RECORD EXCERPTS.
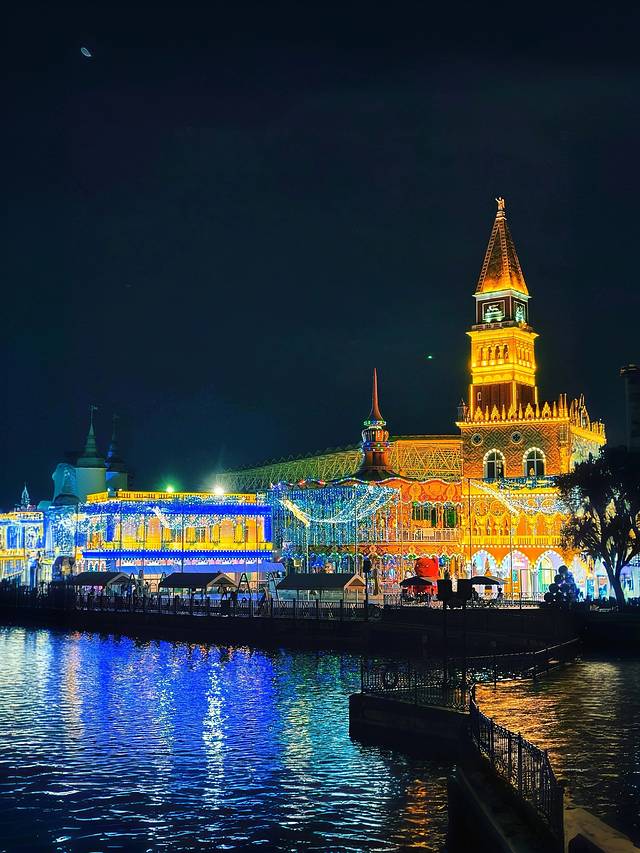 世界之窗夜景,建筑灯火璀璨,倒映在水面上,梦幻如童话世界。
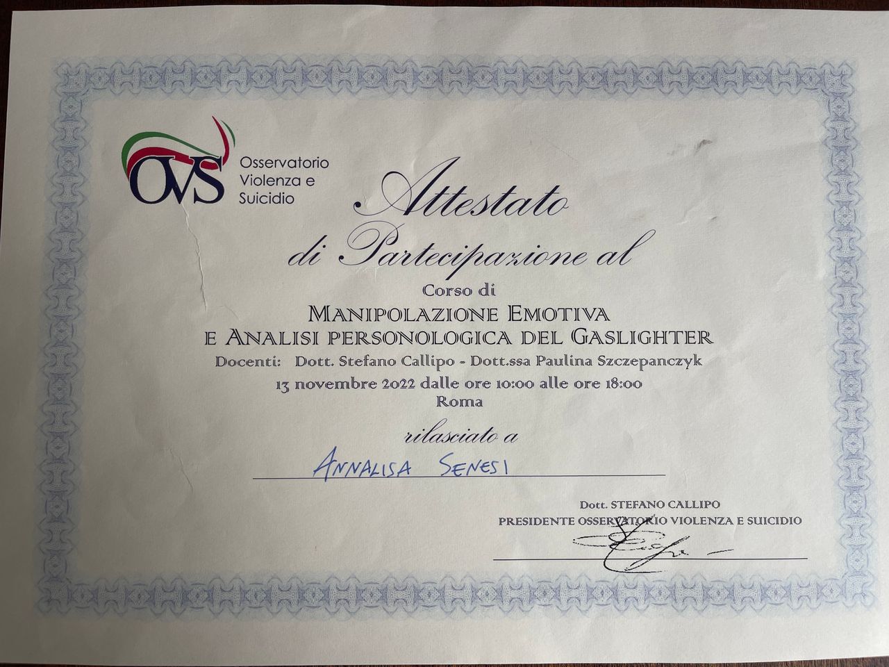 Sono la Dott.ssa Annalisa Senesi, psicologa clinica e psicoterapeuta ad orientamento cognitivo-comportamentale in formazione.
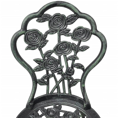 This set of bistro chairs will make a decorative addition to your garden, patio, or balcony with their ornate floral details. It will be a pleasure to have a cuppa with your friends sitting on these chairs! The bistro set is made of high-quality cast aluminium, which is weather-resistant and highly durable. The cast iron legs add to the sturdiness of the set. The detailed floral pattern will add a romantic touch to any garden, patio or conservatory. Delivery includes 2 bistro chairs.
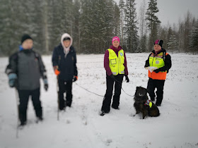 Saimme uuden alueen ja siellä kerrottiin olleen näköhavainto aamulta yhdestä kadonneesta. Näköhavaintopaikalla ei kuitenkaan ollut mitään, joten lähdimme etsimään. Taavi nosti jäljen tai itse asiassa jälkiä oli kaksi. Lumi hieman helpotti tulkitsemaan koiran toimintaa... Taavi jäljesti alueen rajalle ja sieltä otettiin yhteys johtoon, josta saimme luvan jatkaa jälkeä alueemme ulkopuolelle. Vähän ennen maalimiesten löytymistä Taavi vaihtoi ilmavainulle ja löysi kadonneet isän ja pojan.
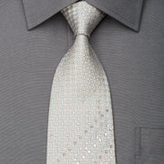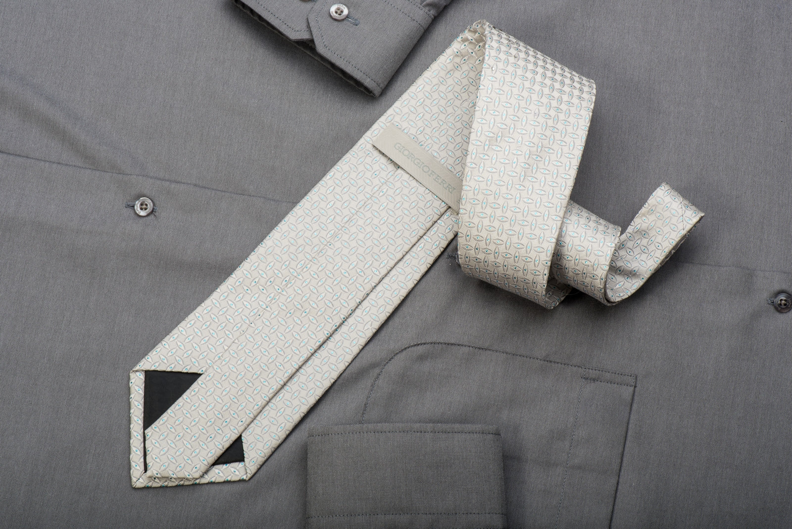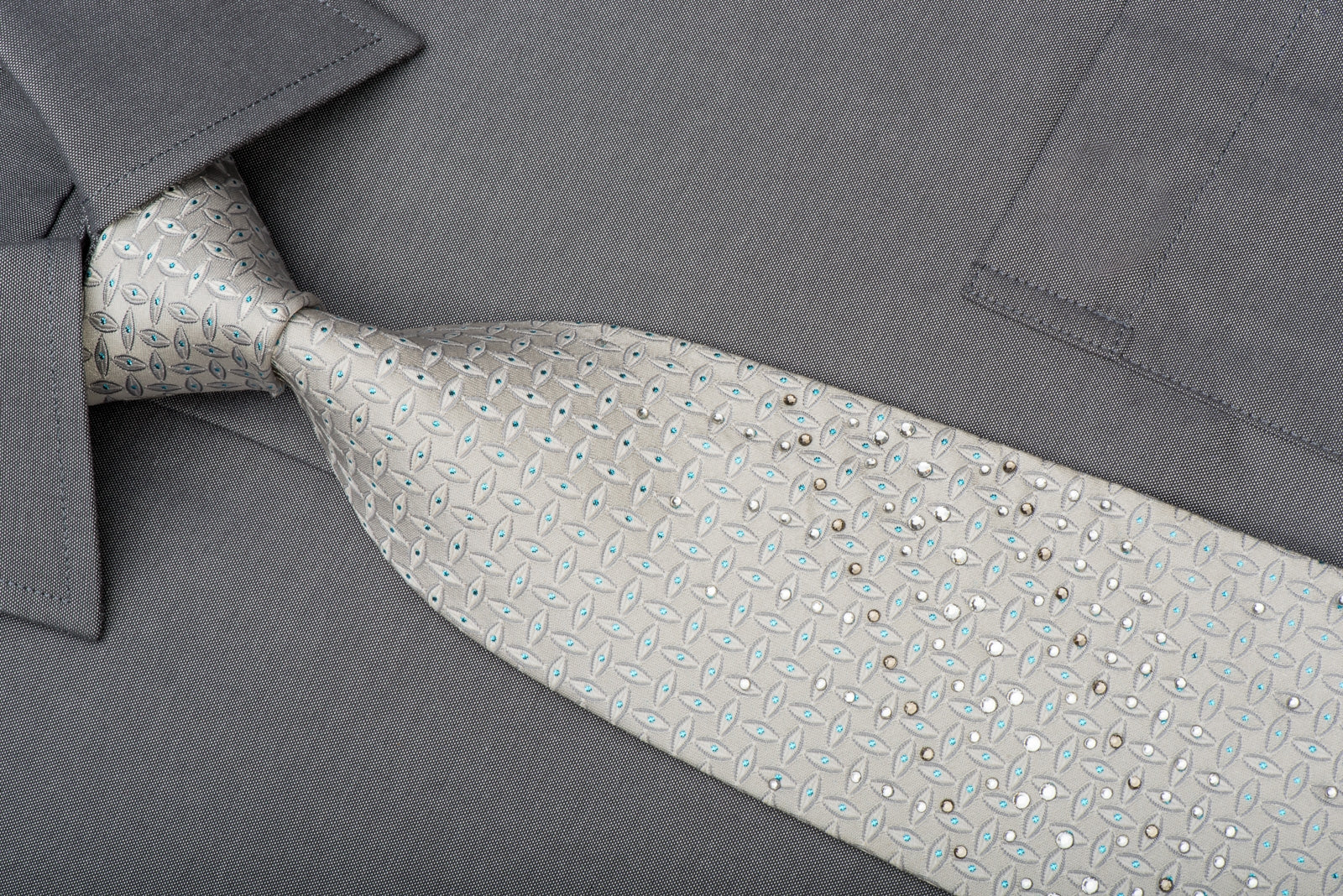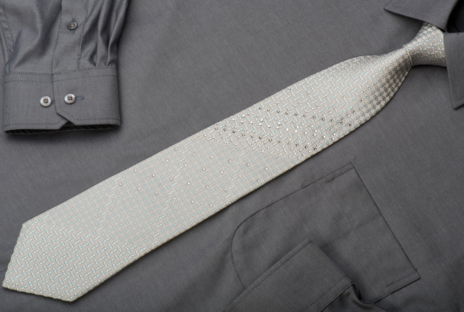 Stylish Rhinestone silk necktie perfect for every occasion handmade from the finest quality silk and designed by top brand name Giorgio Ferri. Presenting an elegant geometric design on woven silver silk, sparkling with white, gray Rhinestones and blue sparkles.
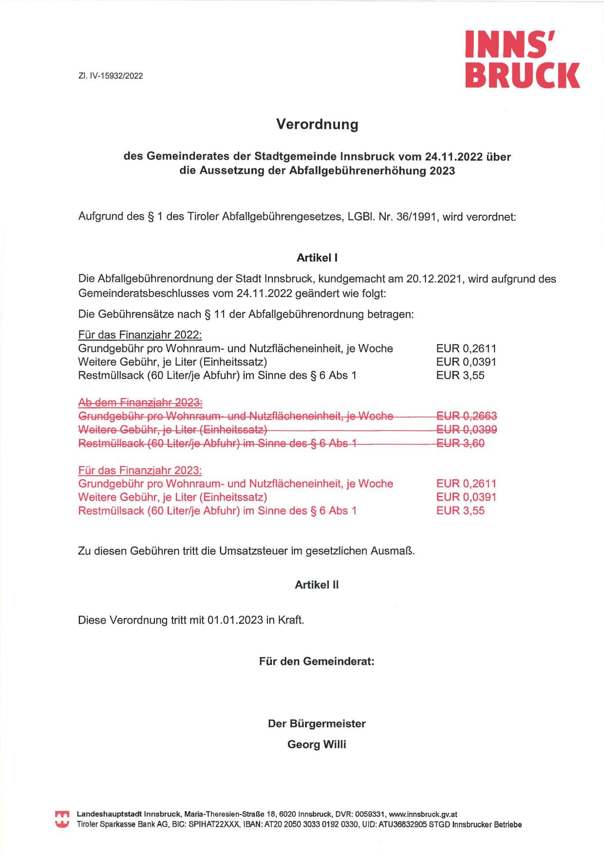 Die Abfallgebührenordnung der Stadt Innsbruck, kundgemacht am 20.12.2021 , wird aufgrund des
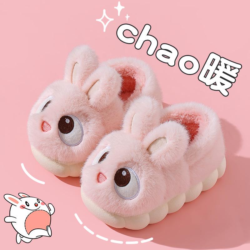 2024 Cozy Velvet-Trimmed Girls' Heel-Covered Winter Slippers, Cute Furry Design, Parent-Child Matching

WORK ORDER.
Pictures stay out. Transcribe the lines from the start of the entries above through the line with "Sono la Dott.ssa", exactly.

EXPECTED ANSWER.
 世界之窗夜景,建筑灯火璀璨,倒映在水面上,梦幻如童话世界。
 Sono la Dott.ssa Annalisa Senesi, psicologa clinica e psicoterapeuta ad orientamento cognitivo-comportamentale in formazione.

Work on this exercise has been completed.